Take the records below and set down exactly the lines from the one with "5, シリアのアサド政権が化" to the one with "Il design si", ends included; do not copy the pictures.
== Source data
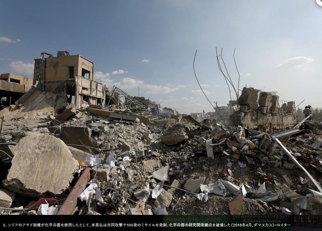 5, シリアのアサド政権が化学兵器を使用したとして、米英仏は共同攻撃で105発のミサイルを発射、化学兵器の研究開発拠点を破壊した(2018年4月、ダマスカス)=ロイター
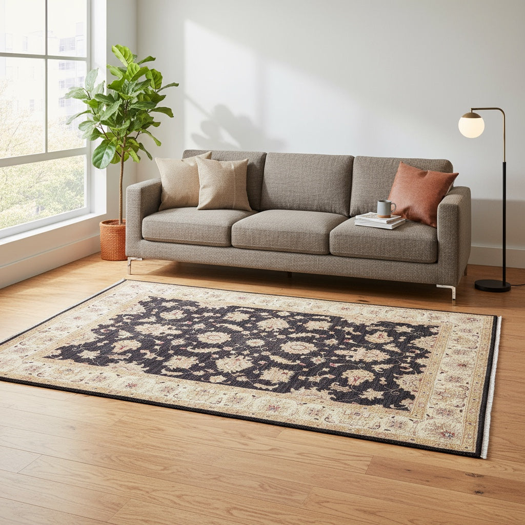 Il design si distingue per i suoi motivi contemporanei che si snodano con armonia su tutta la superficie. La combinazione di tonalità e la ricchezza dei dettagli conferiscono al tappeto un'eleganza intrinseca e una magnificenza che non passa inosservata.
====
== Source data
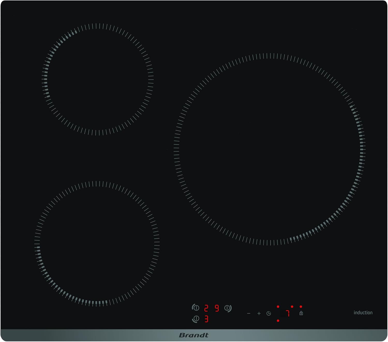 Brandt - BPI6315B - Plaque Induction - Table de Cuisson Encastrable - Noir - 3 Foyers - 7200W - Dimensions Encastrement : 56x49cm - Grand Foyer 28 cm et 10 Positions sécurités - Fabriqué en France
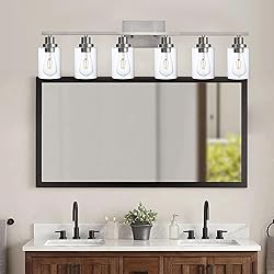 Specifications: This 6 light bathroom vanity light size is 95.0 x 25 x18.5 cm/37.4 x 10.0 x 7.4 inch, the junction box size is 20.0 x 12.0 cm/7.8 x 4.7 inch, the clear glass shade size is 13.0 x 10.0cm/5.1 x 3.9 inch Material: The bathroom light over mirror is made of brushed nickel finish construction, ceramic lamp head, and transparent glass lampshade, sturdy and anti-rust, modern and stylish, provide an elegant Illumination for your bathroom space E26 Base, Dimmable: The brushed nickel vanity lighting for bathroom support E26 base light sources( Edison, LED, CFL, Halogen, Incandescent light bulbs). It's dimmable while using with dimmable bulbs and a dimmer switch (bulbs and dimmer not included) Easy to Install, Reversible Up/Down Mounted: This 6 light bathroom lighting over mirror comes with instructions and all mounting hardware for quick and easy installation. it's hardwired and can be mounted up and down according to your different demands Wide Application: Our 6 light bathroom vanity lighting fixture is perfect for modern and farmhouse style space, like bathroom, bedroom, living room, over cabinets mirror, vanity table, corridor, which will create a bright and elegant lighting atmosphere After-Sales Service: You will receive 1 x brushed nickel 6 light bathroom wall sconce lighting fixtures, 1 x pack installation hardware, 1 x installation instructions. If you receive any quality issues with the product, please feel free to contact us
====
(Reply):
 5, シリアのアサド政権が化学兵器を使用したとして、米英仏は共同攻撃で105発のミサイルを発射、化学兵器の研究開発拠点を破壊した(2018年4月、ダマスカス)=ロイター
 Il design si distingue per i suoi motivi contemporanei che si snodano con armonia su tutta la superficie. La combinazione di tonalità e la ricchezza dei dettagli conferiscono al tappeto un'eleganza intrinseca e una magnificenza che non passa inosservata.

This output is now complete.